Никто не проснулся, даже Дилька, – я мельком оглянулся. Она живая хоть? Сопит и хмурится. Плащ выбрался из зала.
Я упал ладонями на косяки, вцепился в них и силой – честно – вернул себя в дверной проем.
Не пущу.
Что происходит, а?
А?
Кажется, я заорал это. Осипшим-то горлом.
Кажется, зажмурился.
И кажется, сделал что-то еще.
И застыл с закрытыми глазами, ожидая, пока пахнёт костерком. И наверное, случится что-то еще.
Сердце оглушительными толчками распирало горло и виски. Руки и ноги тряслись. Костром не пахло.
Я медленно открыл глаза.
В коридоре было пусто.
В прихожей было пусто.
В зале, кажется, тоже.
Я быстро оглянулся.
Дилька дрыхла, а я стоял в дверном проходе звездочкой – растопырившись руками и ногами.

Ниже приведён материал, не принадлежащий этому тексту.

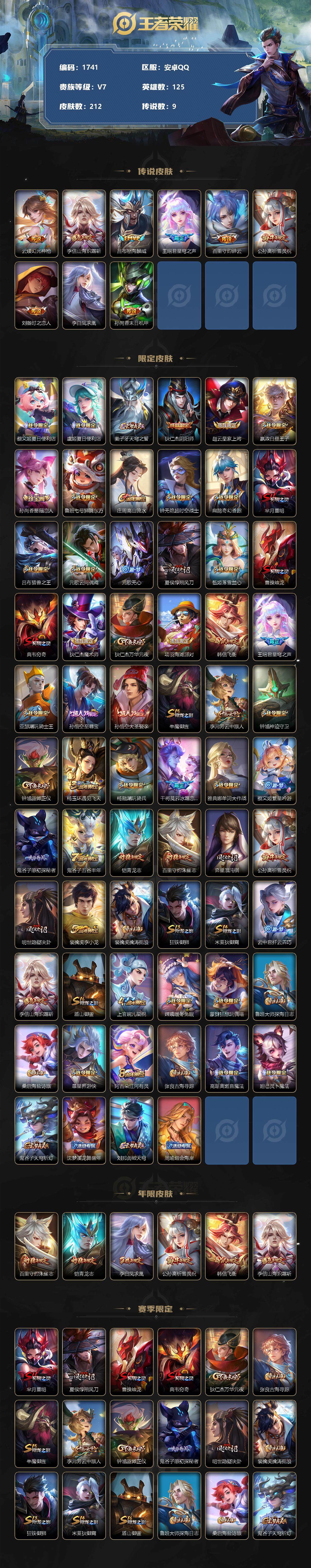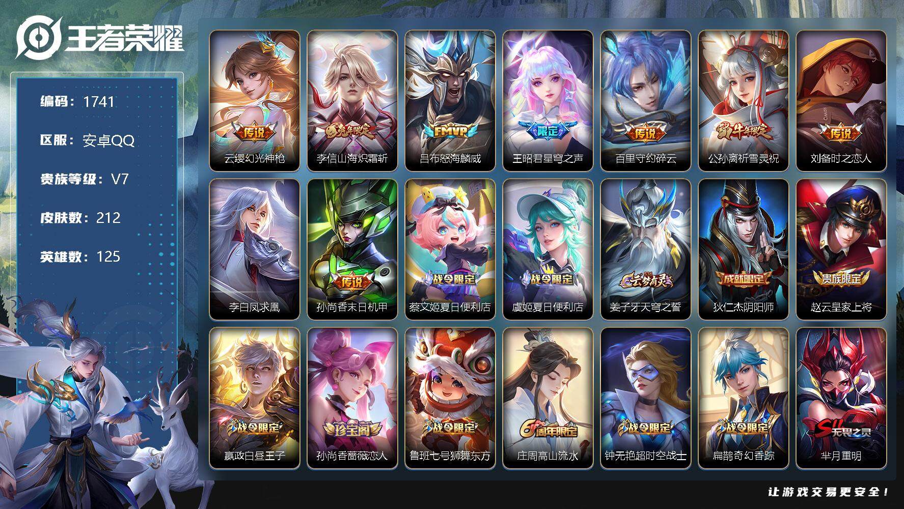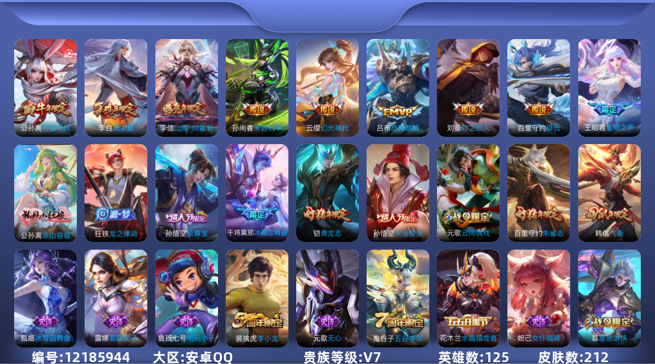 [12185944]【商品标题】:安卓Q-V7-至尊星耀III段位-125英雄-212皮肤-0典藏-0珍品无双-0无双-0珍品传说-9传说-61史诗

Правая рука ныла – как после акцентированного удара мимо груши.
Я сказал:
– Пап.
Потом сказал:
– Мам.
Было тихо, как ранним утром. Нормальным ранним утром.
Я еще раз огляделся, подумал и осторожно вышел в коридор, в прихожую, в зал и на кухню. Не было там никого.
Сон, что ли? Сплю и на руке лежу, поэтому и ноет.
Я медленно вернулся в прихожую и уставился на торчащий из двери нож, размышляя, есть ли смысл щипать себя, чтобы понять, сон ли это.
Сморгнул, вытянул руку и потрогал нож.
Тот самый, что папа привез из деревни.
Тот самый, что я ночью нашел зажатым в дверной петле.
Это не сон был, значит. Значит, я в самом деле проснулся непонятно от чего, весь в одеяле, как бутерброд, распутался, решил перейти спать в свою комнату, вышел туда, надел халат и вернулся в холодную прихожую, включил свет и увидел, что внутренняя, деревянная дверь в квартиру распахнута, а наружняя, металлическая, приоткрыта, подумал, может, мама среди ночи мусор выносит, выглянул на лестничную площадку, послушал, окликнул, пожал плечами, испугался и попытался быстро захлопнуть дверь – а не получилось, потому что над верхней петлей торчал мой нож рукояткой вверх, кто-то его в щель воткнул, чтобы дверь не закрывалась, – я его вытащил, не думая положил в карман, прямо лезвием, торопливо запер обе двери и пошел в Дилькину комнату – лег, уперся пятками в дверь, да еще непонятно зачем над головой поставил стул с халатом.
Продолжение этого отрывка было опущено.